I was about to mention the same thing as Arwen_7, with a preformed pond you can add draining points to wherever fits your needs, plus they are relatively lightweight so could be handy if you need to give it a good scrub!


----------



## Shellsfeathers&fur (Jan 18, 2009)

A Laguna pond/tub - I've some for sale, but sadly in the south east! Cheaper than the link above, but they are rectangular and you'd have to add a drainage hole.


----------



## DoctorGreen. (Jun 2, 2019)

Firstly...awsome!
You issues somewhat mirror mine (in that the only way I'm going to get the few dozen tarantulas i want is to do a build very similar (insulated outhouse/shed). But already have a potting shed so am aware of some of the pitfalls already. Also, a million years ago I worked for a reptile rescue place (which shall remain nameless) and they/we had a very large shed with a few dozen large Boids in. So I have some direct experiance.

MY thoughts/ notes.
Maintaining temps will be the biggest issue.It will get very very hot very quickly, cant tell from the pic but I assume the building is facing the sun as much as possible? Ive had plants shrivel up an die in an hour two when i have forgotten to open the window in my shed.... So...you will need a secure mesh covering over the windows so you can open them but not let beasty out. But you will also need a pretty huge heater to heat that amout of space. A tricky balance. You will also need a way to (and this is very important) insulate/heat the floor. It doesn't matter if the air temps are fine (on a good day) without the floor at 80+ beasty will catch cold and die. Seen it happen. 

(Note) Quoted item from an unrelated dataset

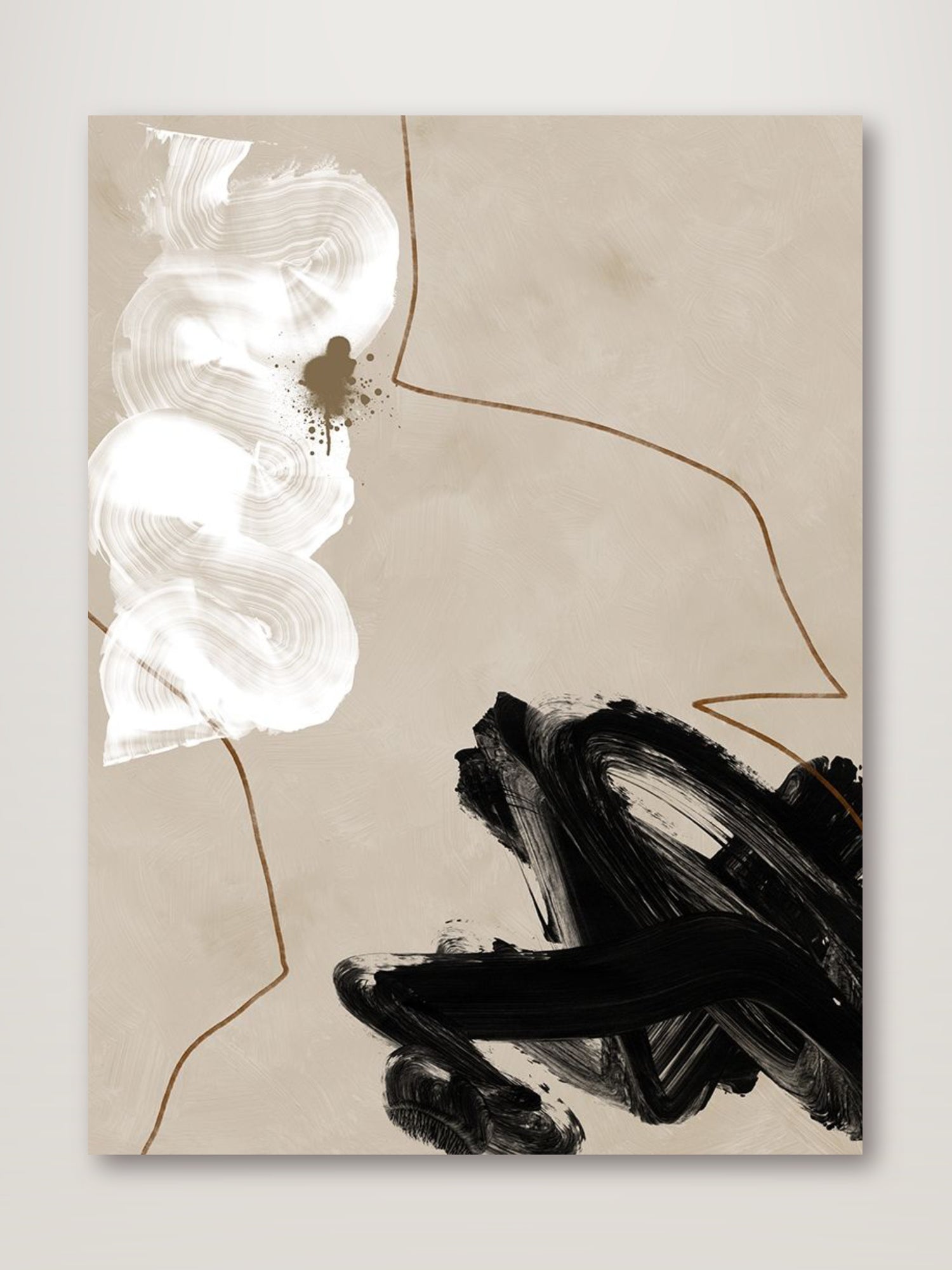 A modern painted abstract art print. This print uses a mixture of line drawings and painted sections to create an intriguing print. It uses a neutral colour palette that can compliment your furniture.

Honestly, its very difficult challenge for you to overcome.

I dont have many soutions to offer, just (sadly) issues to overcome.
the water bowl is simple enough, the biggest heavy duty tub you can find. Plumbing would be simple (i'm not a plumber at all, but even i could do it). Fit the biggest drain to the side, fix and glueand seal and fix, run the drain straight out the side of the shed , empty and fill with a hose. Done. Just make certain the container is tip proof, build a frame (im not carpenter either, but that shouldnt be very hard?) you cannot afford to have a few hundred litres of water (and shit) loose in the shed. long term moisture is going to be a problem...I'm out my depth here, but you will need treated wood but I dont know if treated wood in humid conditions is safe or even worthwhile?

I'm not trying to be an ass, but these are things I have seen , experianced and thought about. What I am hoping is that you are much smarter than me, that you deal with the issues tell us/me and I can have my t's back (and you get to save my marriage lol!).


----------